__Required action__
Set down, word for word, each line from the top of the data through the line that has "This matte finished"; omit every picture.

__Data below__
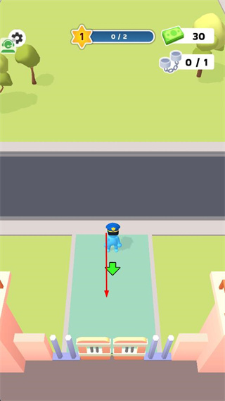 1、进入游戏关卡,按照箭头提示操控蓝色警察角色,向下方监狱大门方向移动。
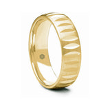 This matte finished mens 18ct yellow gold court shape wedding ring features a series of highly polished and hand-carved grooves around its circumference.
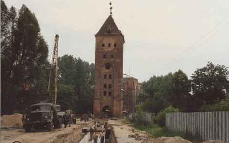 Czy ktoś dokładnie zmierzył wieżę kościoła św. Mikołaja? Różne źródła podają różną jej wysokość – od 95 do 103 metrów. No dobrze, nie wiemy jak jest wysoka, ale za to wiemy kiedy i dlaczego powstała. Po wielkim pożarze z kwietnia 1777 roku miasta nie stać było na pełną odbudowę kościoła św. Mikołaja. Przez cały XIX wiek katolicka fara miała kształt wielkiej stodoły: była to bryła przykryta jednym, nieproporcjonalnym dachem z niewielką sygnaturką na kalenicy.Budowy kościelnej wieży podjął się Otto Depmeyer, mistrz budowlany z długoletnią praktyką. Depmeyer stanął przed sporym problemem: musiał stworzyć konstrukcję na miarę ambicji Elbląga przy ograniczeniach, jakie stwarzał niestabilny grunt. Poprzednia wieża przechylała się, dlatego trzeba było ją wzmacniać dwiema mniejszymi. Rozwiązanie tego problemu znalazł w Paryżu w wieży Eiffla. Na solidnych murach podstawy Depmeier ustawił stalową konstrukcję, obudowaną lekkim murem. Dzięki temu mógł wynieść wieżę aż do ok. 100 metrów. Projekt spodobał się inwestorowi i 24 października 1906 odbyła się uroczystość wmurowania kamienia węgielnego. Budowa trwała rok i kosztowała 256 tys. marek. Na piętrze urządzono bibliotekę parafialną, a w górnych kondygnacjach powieszono dzwony i mechanizm zegarowy. Z umieszczonych na wysokości ponad 90 metrów balkonów rozciągał się widok na Zalew Wiślany, pochylnie i sąsiedni Gdańsk.

__Task output__
 1、进入游戏关卡,按照箭头提示操控蓝色警察角色,向下方监狱大门方向移动。
 This matte finished mens 18ct yellow gold court shape wedding ring features a series of highly polished and hand-carved grooves around its circumference.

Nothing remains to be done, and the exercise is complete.